Wenn Sie an unserem Gottesdienst nicht teilnehmen können, haben Sie hier die Möglichkeit dennoch mit unserer Gottesdienstgemeinschaft verbunden zu sein. (Gerne dürfen Sie diesen Gottesdienst auch  ausdrucken und weitergeben. Bitte nutzen Sie dafür die Druckfunktion Ihres Browsers.)
 
Trachtenkapelle: Andrè Waignein, Air for winds
 
Votum: Wir feiern Gottesdienst im Namen des Vaters und des Sohnes und des Heiligen Geistes. (Amen.)
Gruß: Der Herr sei mit euch (...und mit deinem Geist.)
 
Eingangslied: Meine Zeit steht in deinen Händen (EG 644,1-3)
 
Psalm: Ps 126 in moderner Fassung (NL 962.2)
Als der Ewige Zions Geschick wendete,
war es, als träumten wir:
Da füllte Lachen unseren Mund
und Jubel unsere Zunge.
Da sagten sie unter den Nationen:
Großes hat der Ewige an ihnen getan.
Großes hat der Ewige an uns getan,
wir sind es, die sich freuen!
Wende, Ewiger, unser Geschick,
wie du Flüsse im Negeb wiederbringst.
Die mit Tränen säen –
mit Jubel werden sie ernten.
Da gehen sie, sie gehen und weinen
und tragen den Beutel zum Säen.
Da kommen sie, kommen mit Jubel
und tragen ihre Garben.
Ehre sei dem Vater...
 
Eingangsgebet:
Gott, du gibst Leben,
hältst unsere Zeit in deinen Händen.
In deiner Ewigkeit ist alles aufgehoben:
Das Schöne und das Schwere,
die Nacht und der Morgen, die Tränen und die Freude.
Wir bitten dich: Schenke Geduld im Warten,
Träume, die trösten
und Hoffnung auf deine Verheißung.
Mit allen, die glauben, warten wir auf deinen neuen Himmel und deine neue Erde, wo es kein Leid und keine Tränen mehr gibt.

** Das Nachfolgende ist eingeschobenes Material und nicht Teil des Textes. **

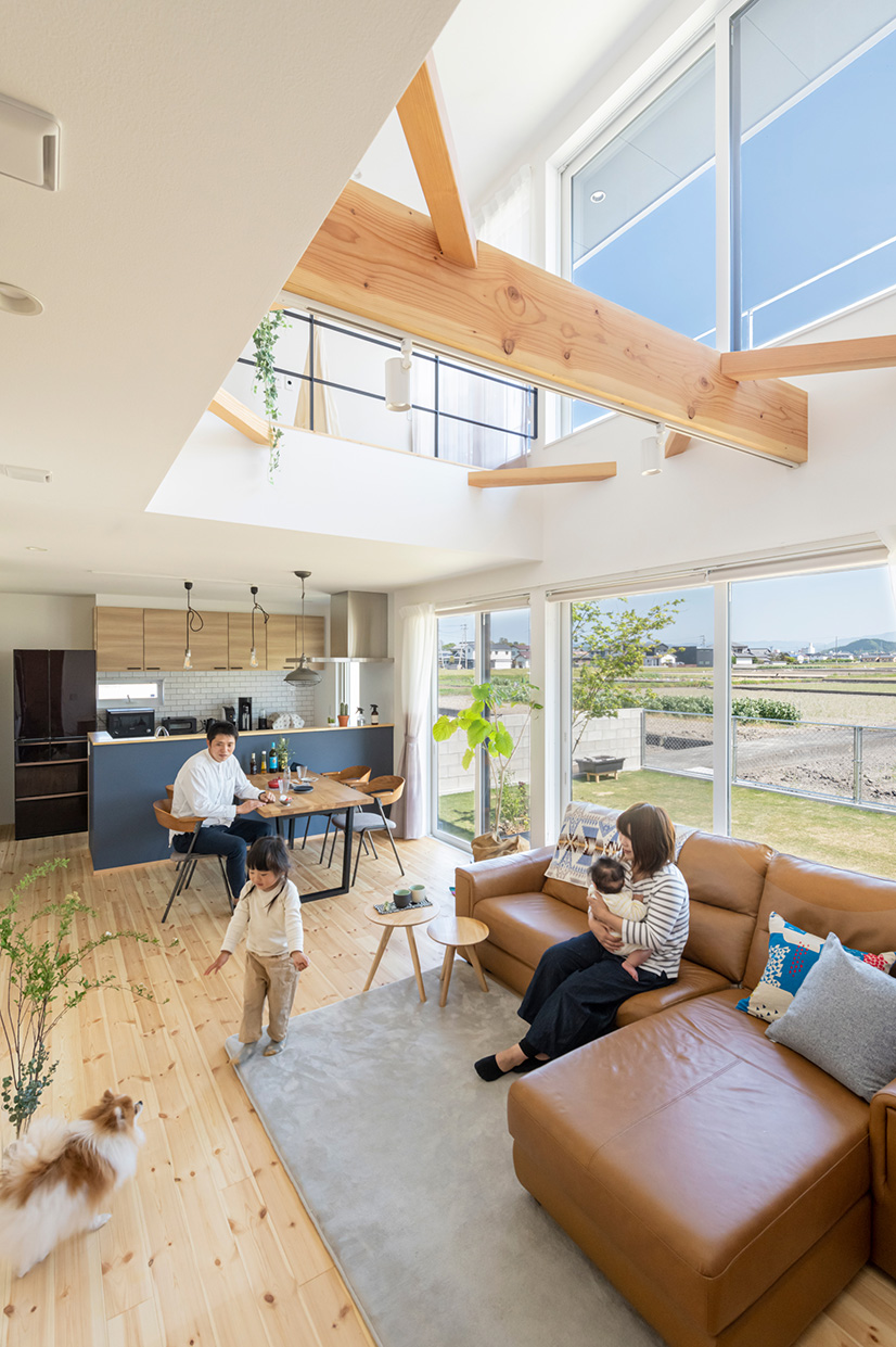 吹き抜けと見せ梁が映える、開放感あふれる住まい

Durch Jesus Christus, unseren Herrn und den Heiligen Geist.
(Amen)
 
Lesung: Offb 21,1-5 (BasisBibel):
1Dann sah ich einen neuen Himmel
und eine neue Erde.
Denn der erste Himmel und die erste Erde
sind vergangen,
und das Meer ist nicht mehr da.
2Und ich sah die heilige Stadt: das neue Jerusalem.
Sie kam von Gott aus dem Himmel herab –
für die Hochzeit bereit wie eine Braut,
die sich für ihren Mann geschmückt hat.
3Und ich hörte eine laute Stimme vom Thron her rufen:
»Sieh her: Gottes Wohnung ist bei den Menschen!
Er wird bei ihnen wohnen,
und sie werden seine Völker sein.
Gott selbst wird als ihr Gott bei ihnen sein.

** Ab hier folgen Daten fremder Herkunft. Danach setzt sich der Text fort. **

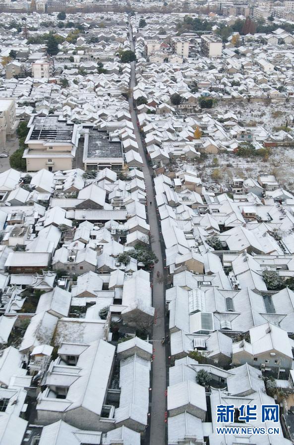 12月14日拍摄的江苏省扬州市东关街雪景(无人机照片)。

4Er wird jede Träne abwischen von ihren Augen.
Es wird keinen Tod und keine Trauer mehr geben,
kein Klagegeschrei und keinen Schmerz.
Denn was früher war, ist vergangen.«
5Der auf dem Thron saß, sagte:
»Ich mache alles neu.«
 
Lied: Herr, deine Liebe (EG 653,1-4)
 
PREDIGT zu Psalm 147,3 + Kintsugi
Heute am Ewigkeitssonntag werden wir mit unserer Vergänglichkeit konfrontiert.
Wir erinnern uns an Menschen, die wir verloren haben. In diesem Jahr – oder auch schon lange vorher.

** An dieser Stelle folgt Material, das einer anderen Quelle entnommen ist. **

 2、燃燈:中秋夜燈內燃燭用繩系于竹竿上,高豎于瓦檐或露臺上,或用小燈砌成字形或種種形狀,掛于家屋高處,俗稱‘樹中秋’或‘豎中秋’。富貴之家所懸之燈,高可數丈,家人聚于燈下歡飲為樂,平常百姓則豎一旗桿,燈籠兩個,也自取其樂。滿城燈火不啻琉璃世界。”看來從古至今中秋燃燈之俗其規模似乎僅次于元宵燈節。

Das Leben mit ihnen und ihr Verlust hat Spuren in uns hinterlassen.
Auf manches schauen wir mit einem Lächeln zurück. Da gibt es schöne Erinnerungen an gemeinsam Erlebtes. Wir haben voneinander gelernt und das Gelernte bleibt kostbar in unserem Wissensschatz. Wir haben Liebe erfahren und gegeben – und das ist so wertvoll, dass es uns weiterträgt und erfüllt – auch noch nach einem Abschied.
Vielleicht ist aber auch Erschöpfung da, weil wir den anderen durch eine lange Krankheit begleitet haben. Oder der Schock sitzt uns noch in unseren Gliedern, weil der Tod so plötzlich und unvermittelt traf, dass wir es immer noch nicht recht fassen können.
Wir verspüren Trauer, über den verlorenen Menschen, über verpasste Gelegenheiten, Ungesagtes, das nicht mehr nachgeholt werden kann.
Manchmal mischt sich auch Erleichterung darunter, weil ein schwerer Weg zu Ende gegangen ist – und Dankbarkeit, weil wir noch alles tun und mitgeben konnten, was uns wichtig war.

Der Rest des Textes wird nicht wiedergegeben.